= Task goal =
Repeat the records below exactly from the line containing "925 Sterling Silver" to the line containing "Stir in the", taking in both of those lines. Drop the pictures.

= Input data =

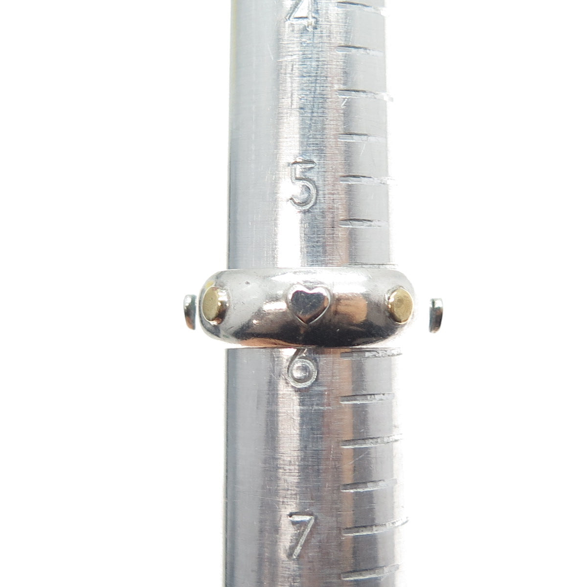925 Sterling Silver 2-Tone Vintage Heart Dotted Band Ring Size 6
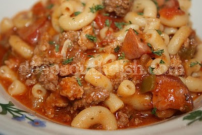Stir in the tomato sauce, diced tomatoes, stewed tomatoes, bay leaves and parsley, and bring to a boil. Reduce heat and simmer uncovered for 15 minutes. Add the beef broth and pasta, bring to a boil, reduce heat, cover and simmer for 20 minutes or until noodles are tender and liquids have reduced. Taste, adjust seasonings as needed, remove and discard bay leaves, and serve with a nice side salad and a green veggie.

--

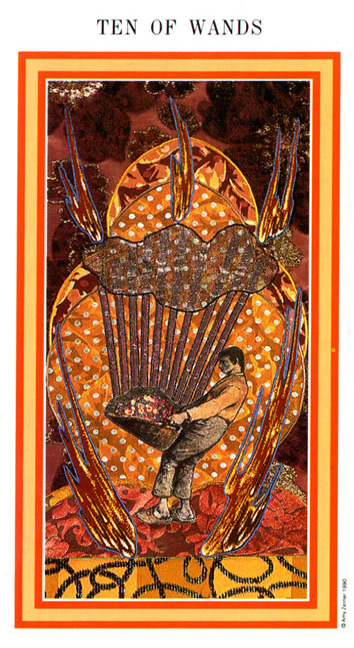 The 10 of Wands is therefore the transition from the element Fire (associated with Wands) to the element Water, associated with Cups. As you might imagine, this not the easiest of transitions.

= Task result =
925 Sterling Silver 2-Tone Vintage Heart Dotted Band Ring Size 6
Stir in the tomato sauce, diced tomatoes, stewed tomatoes, bay leaves and parsley, and bring to a boil. Reduce heat and simmer uncovered for 15 minutes. Add the beef broth and pasta, bring to a boil, reduce heat, cover and simmer for 20 minutes or until noodles are tender and liquids have reduced. Taste, adjust seasonings as needed, remove and discard bay leaves, and serve with a nice side salad and a green veggie.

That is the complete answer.